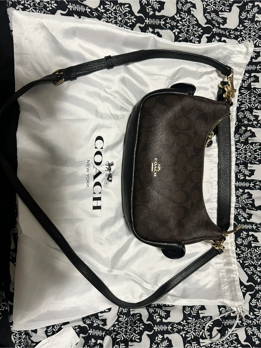 Brown and black Coach shoulder bag with signature "C" pattern. It features gold hardware and a zip closure. Includes a dust bag.
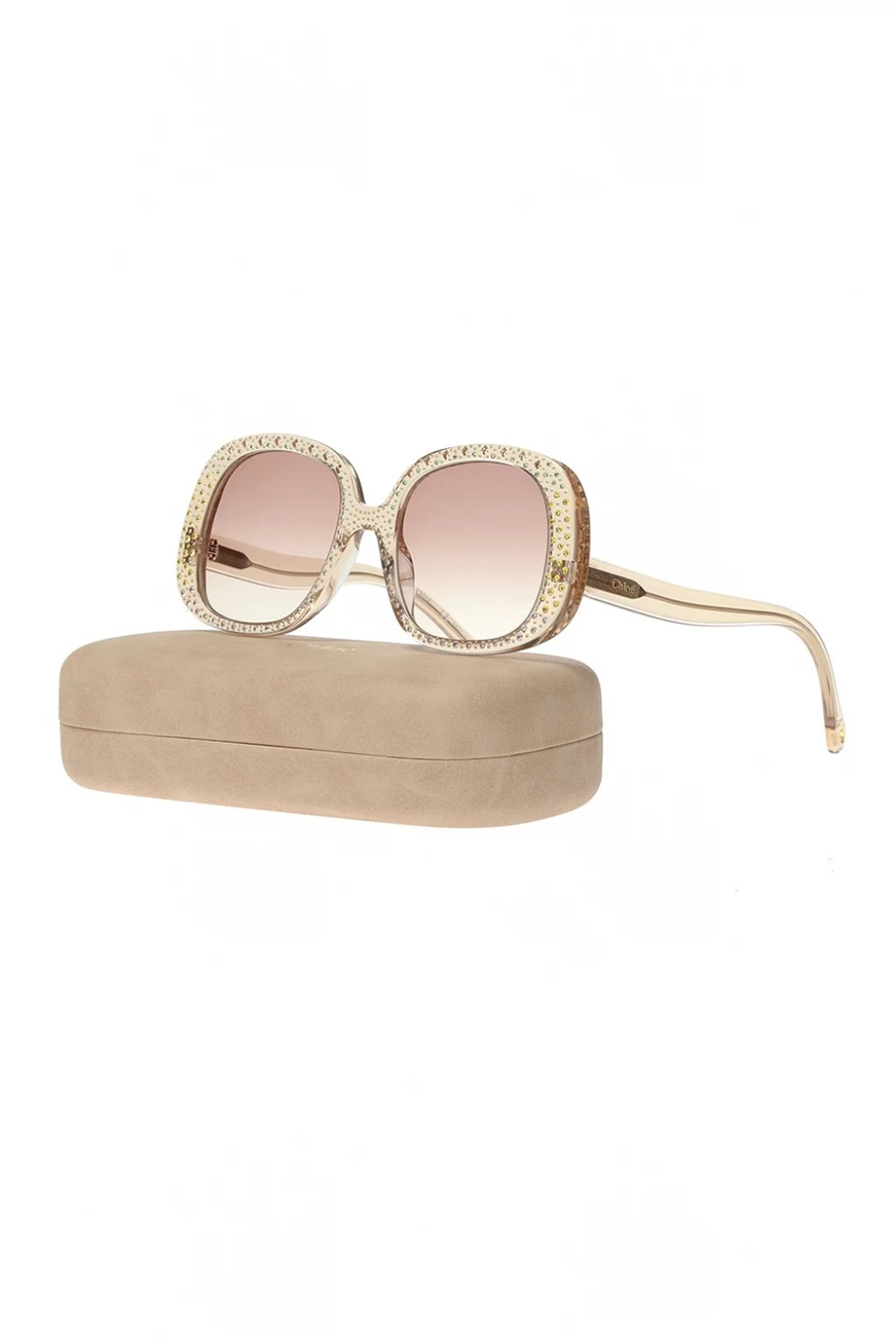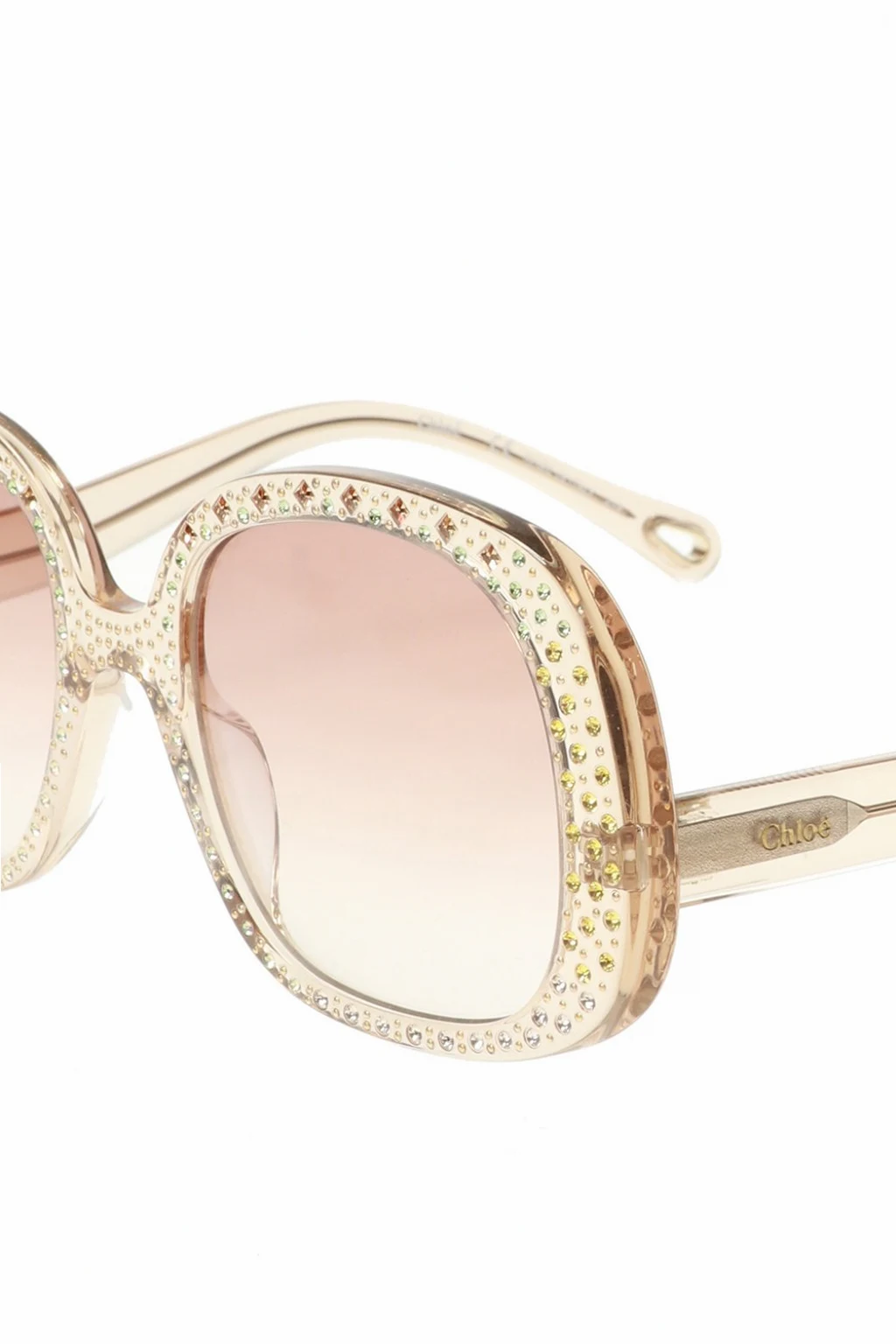 Translucent sunglasses from Chloé featuring branded temples, gold-tone and green embellishments and certificated brown lenses to ensure 100% UVA/UVB protection.
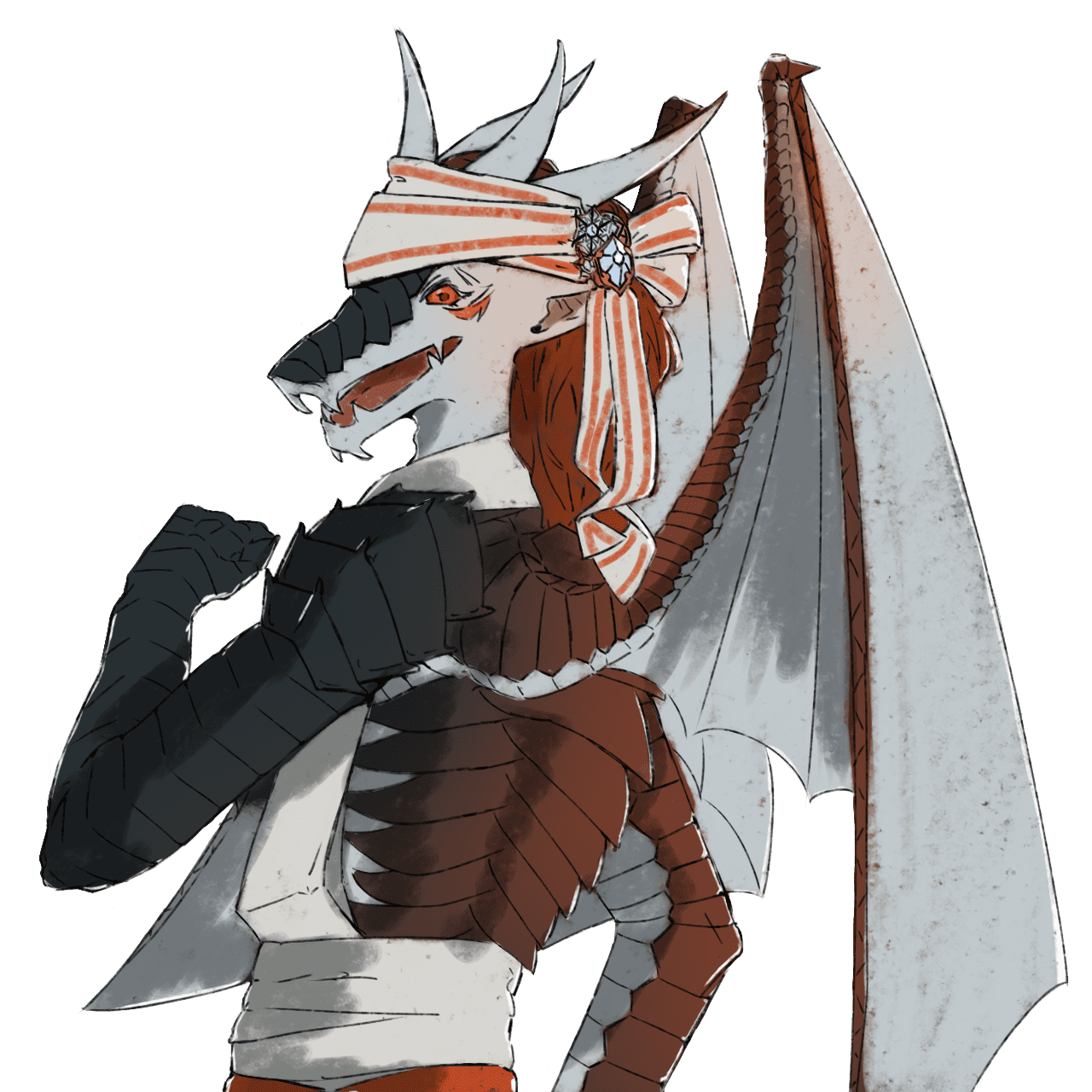 - [鱗の皮膚][尻尾が武器][剣の加護/風の翼]
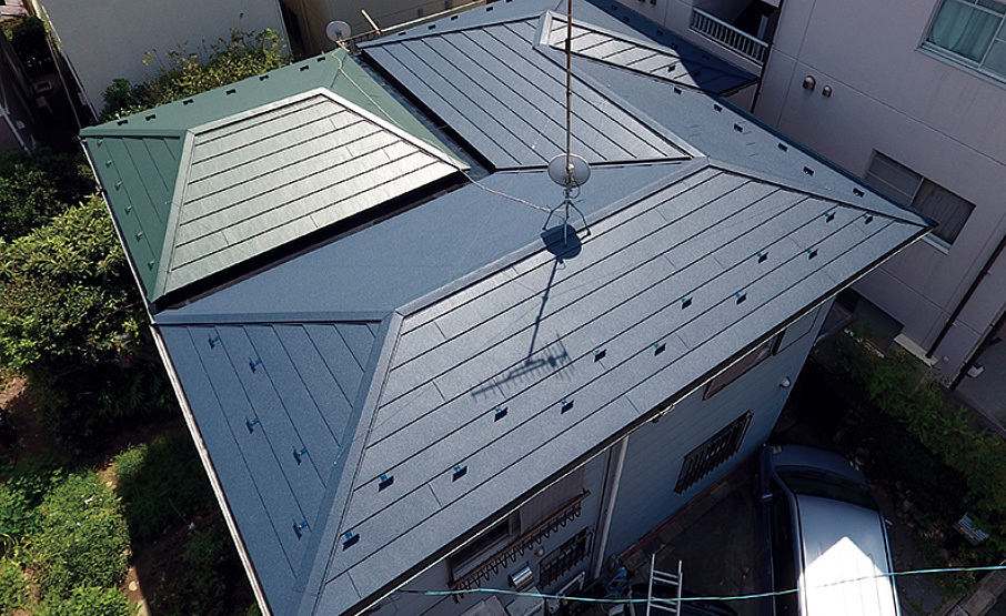 このような背景の中で、既存のコロニアルの上に軽量屋根材を張るカバー工法が開発されました。

How to complete this task ▸
Retype exactly the lines above, starting at the line containing "- [鱗の皮膚][尻尾が武器][剣の加護/風の翼]" and ending with the last line, both included; leave out the pictures.

Problem solution ▸
 - [鱗の皮膚][尻尾が武器][剣の加護/風の翼]
 このような背景の中で、既存のコロニアルの上に軽量屋根材を張るカバー工法が開発されました。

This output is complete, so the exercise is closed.